Tracing the evolution with sequencing

Although the mutation occurrence in viruses is expected with higher frequencies in RNA viral families, the SARS-CoV-2 pandemic demonstrated that the rise of novel variants is multifactorial and not fully understood. Furthermore, predicting the evolutionary trend of the virus to hamper the emergence of novel lineages turned out to be extremely hard and complex (Peck and Lauring 2018). Indeed, the viral RNA-dependent RNA polymerase low replication fidelity is a key factor in mutation incidence; however, prior studies conducted during the current pandemic demonstrated the role of host RNA editing machineries such as the apolipoprotein B mRNA editing catalytic polypeptide-like proteins (APOBEC) and adenosine deaminase acting on RNA proteins (ADAR) in generating mutations (Mourier et al. 2021). Additionally, the selective pressure exercised during antiviral drug treatments, monoclonal antibody use, or convalescent plasma transfusion might favor the appearance of immune escape mutations. Likewise, the extraordinary intra-host environment of immunocompromised patients favoring chronic infections should not be neglected in the emergence of immune escape mutations (Salehi-Vaziri et al. 2022; Sonnleitner et al. 2022). All this needs thorough real-time monitoring. A lot of efforts are deployed to effectively perform mutation tracing using genomic epidemiology.

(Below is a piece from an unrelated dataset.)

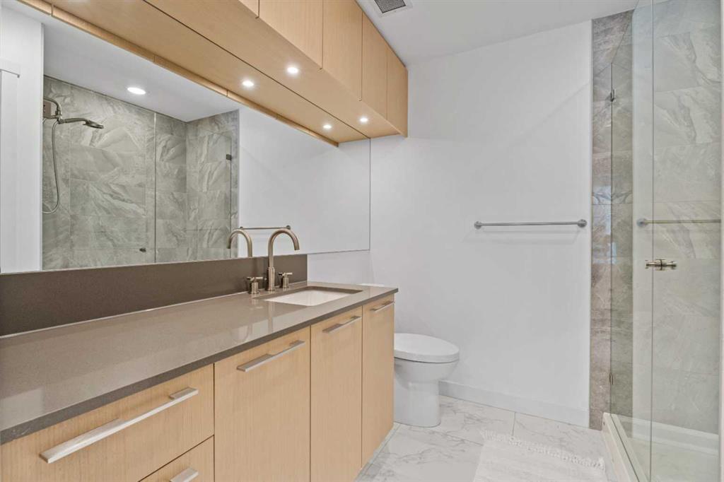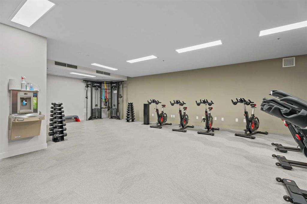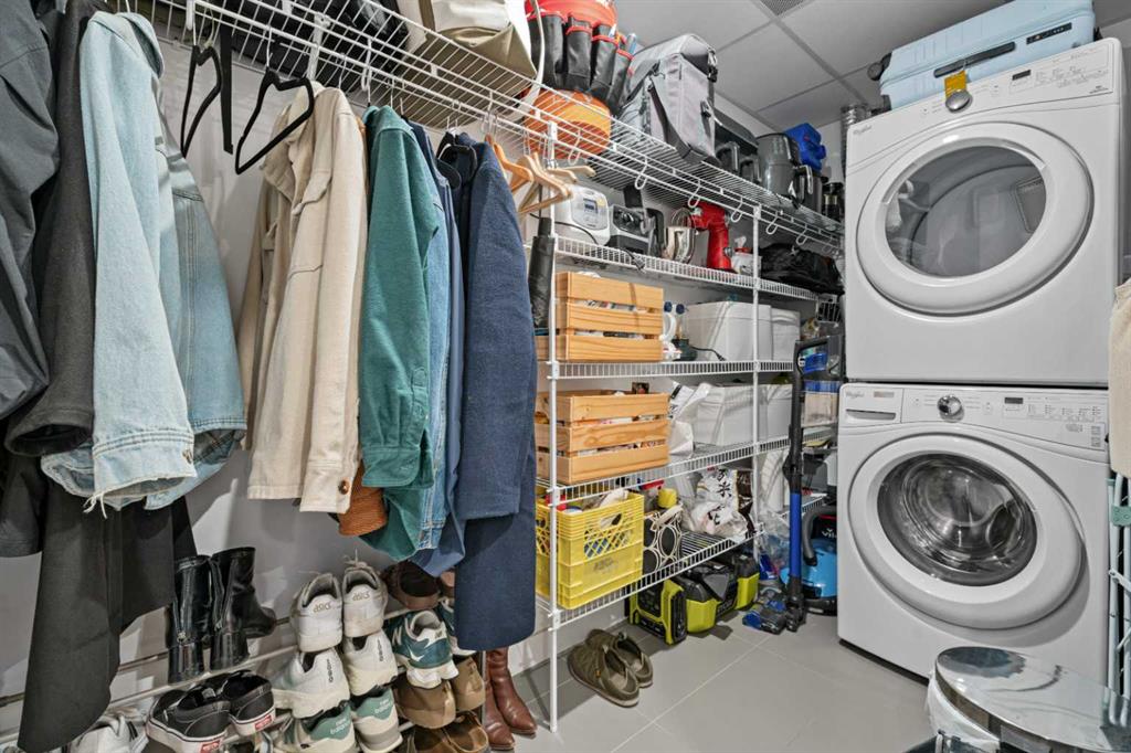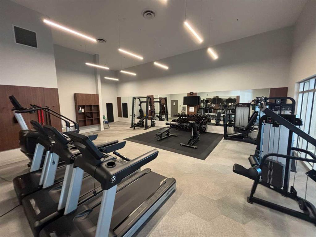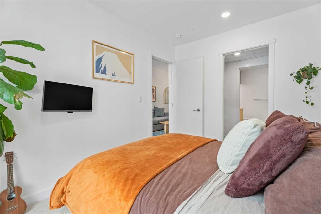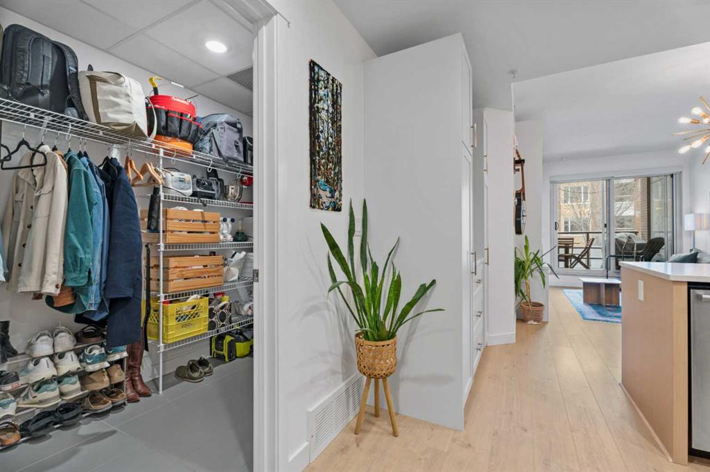 OPEN HOUSE 3-5pm SUNDAY April 19 - Welcome to Radius, an amenity-rich building offering something for every lifestyle, located in the desirable neighbourhood of Bridgeland. This spacious and extensively upgraded 2-bedroom, 2-bathroom unit features modern finishes and a bright, inviting atmosphere with a soft contemporary design. The well-appointed kitchen includes a built-in oven, gas range, ample counter space, and quality appliances, flowing seamlessly into the open-concept dining and living area complete with beautiful custom built-ins for storage and media. The generously sized primary bedroom offers a walk-in closet with California Closets organizers and a stylish ensuite with automatic floor lighting, a large vanity, and a walk-in shower. The versatile second bedroom is equipped with built-in storage and a Murphy bed with integrated desk attachments, making it ideal for guests or a functional home office. Additional highlights include a rare oversized in-suite storage and laundry room, along with a well-appointed 4-piece main bathroom. Residents enjoy access to exceptional building amenities including concierge and the main gym (1st floor), delivery room (2nd floor), secondary gym (3rd floor), yoga/barre room (4th floor), spin room (5th floor), rooftop patio and gardens with stunning city views (7th floor), dog wash station and bike storage (P1). This unit also comes with titled underground parking, and a dedicated storage room, offering convenience and comfort in one of Calgary’s most vibrant communities.

So far, we noticed two types of variants; worldwide dominants such as Delta and Omicron and lineages that triggered local surges but did not reach global dominance such as Gamma and Mu (Chavda et al. 2022). For instance, the Delta variant initially detected in India on May 7, 2021, was declared as a variant of concern by the WHO as it held three characteristic mutations in its spike protein facilitating immune evasion, resistance to monoclonal antibodies, and increased transmissibility. Despite the implementation of travel restrictions in order to hinder its spread, as of July 27, 2021, the Delta variant reached 132 countries and subsequently overcame the British Alpha variant. This lineage was associated with a surge in COVID cases worldwide with an increased hospitalization, ICU admissions, and a higher mortality rate. Similarly, the intensive real-time sequencing unveiled the emergence of a novel Omicron second-generation variant, namely, BA.2.75 with over 80 mutations with more than nine in the spike protein including the two key replacements G446S and R493Q which increase significantly the immune escape and the attachment to the ACE2 host cell receptors (Chakraborty et al. 2022). It was detected first in India, and then, it spreads to other countries including Australia, the UK, the US, Israel, Japan, Germany, Canada, and New Zealand, once again concerns are raised despite that the WHO is yet to officially flag it as a variant of concern (Peacock 2022). This demonstrates the importance of continuous tracking for spotting variants right in time and taking one step ahead to better control and limit repercussions. Nevertheless, a key observation during the COVID pandemic is the repetition of the same scenario at each variant emergence, while some countries have both diagnostic and sequencing capacities and are able to perform a continuous surveillance with real-time data reports, other countries, especially low- and middle-income countries, have a limited access to molecular diagnostics and sequencing resulting in a patchy surveillance with a delayed data reports and underrepresentation of the real cases (Chen et al. 2022).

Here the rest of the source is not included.